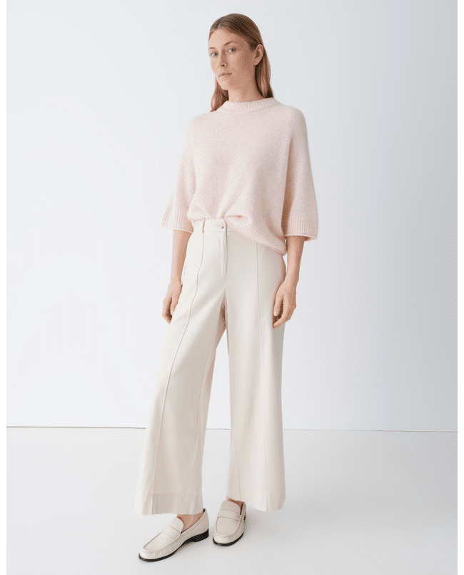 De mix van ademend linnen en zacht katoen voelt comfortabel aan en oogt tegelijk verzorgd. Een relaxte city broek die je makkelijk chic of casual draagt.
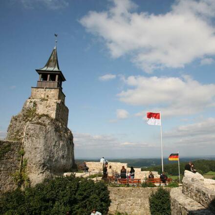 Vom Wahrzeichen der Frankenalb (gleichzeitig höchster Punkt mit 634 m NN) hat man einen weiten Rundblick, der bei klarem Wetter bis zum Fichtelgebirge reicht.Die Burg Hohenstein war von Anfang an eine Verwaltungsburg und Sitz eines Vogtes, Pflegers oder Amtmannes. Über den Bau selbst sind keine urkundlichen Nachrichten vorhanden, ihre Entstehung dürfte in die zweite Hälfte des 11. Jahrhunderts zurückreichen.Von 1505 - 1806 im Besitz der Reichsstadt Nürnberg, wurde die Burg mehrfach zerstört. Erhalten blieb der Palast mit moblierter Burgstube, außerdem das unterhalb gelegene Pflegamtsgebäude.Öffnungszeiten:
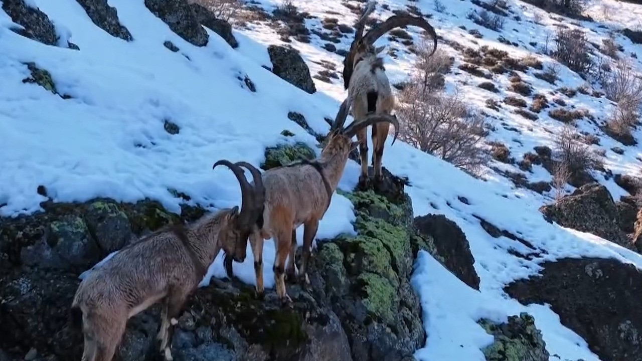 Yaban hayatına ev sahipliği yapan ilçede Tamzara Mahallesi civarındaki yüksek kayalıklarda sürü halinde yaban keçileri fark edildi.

...

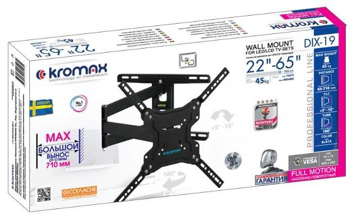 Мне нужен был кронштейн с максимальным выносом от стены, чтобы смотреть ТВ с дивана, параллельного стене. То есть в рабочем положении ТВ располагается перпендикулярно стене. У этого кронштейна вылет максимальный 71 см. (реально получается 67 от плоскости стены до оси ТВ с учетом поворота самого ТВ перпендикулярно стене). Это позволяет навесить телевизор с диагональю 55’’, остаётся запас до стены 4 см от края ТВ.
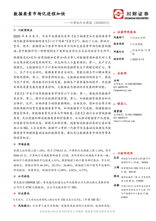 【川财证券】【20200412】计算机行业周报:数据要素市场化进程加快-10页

* Problem statement
From the records above, transcribe only the stretch from the line with "De mix van ademend" through the line with "Yaban hayatına ev", keeping both ends. Omit pictures.

* Answer to this exercise
 De mix van ademend linnen en zacht katoen voelt comfortabel aan en oogt tegelijk verzorgd. Een relaxte city broek die je makkelijk chic of casual draagt.
 Vom Wahrzeichen der Frankenalb (gleichzeitig höchster Punkt mit 634 m NN) hat man einen weiten Rundblick, der bei klarem Wetter bis zum Fichtelgebirge reicht.Die Burg Hohenstein war von Anfang an eine Verwaltungsburg und Sitz eines Vogtes, Pflegers oder Amtmannes. Über den Bau selbst sind keine urkundlichen Nachrichten vorhanden, ihre Entstehung dürfte in die zweite Hälfte des 11. Jahrhunderts zurückreichen.Von 1505 - 1806 im Besitz der Reichsstadt Nürnberg, wurde die Burg mehrfach zerstört. Erhalten blieb der Palast mit moblierter Burgstube, außerdem das unterhalb gelegene Pflegamtsgebäude.Öffnungszeiten:
 Yaban hayatına ev sahipliği yapan ilçede Tamzara Mahallesi civarındaki yüksek kayalıklarda sürü halinde yaban keçileri fark edildi.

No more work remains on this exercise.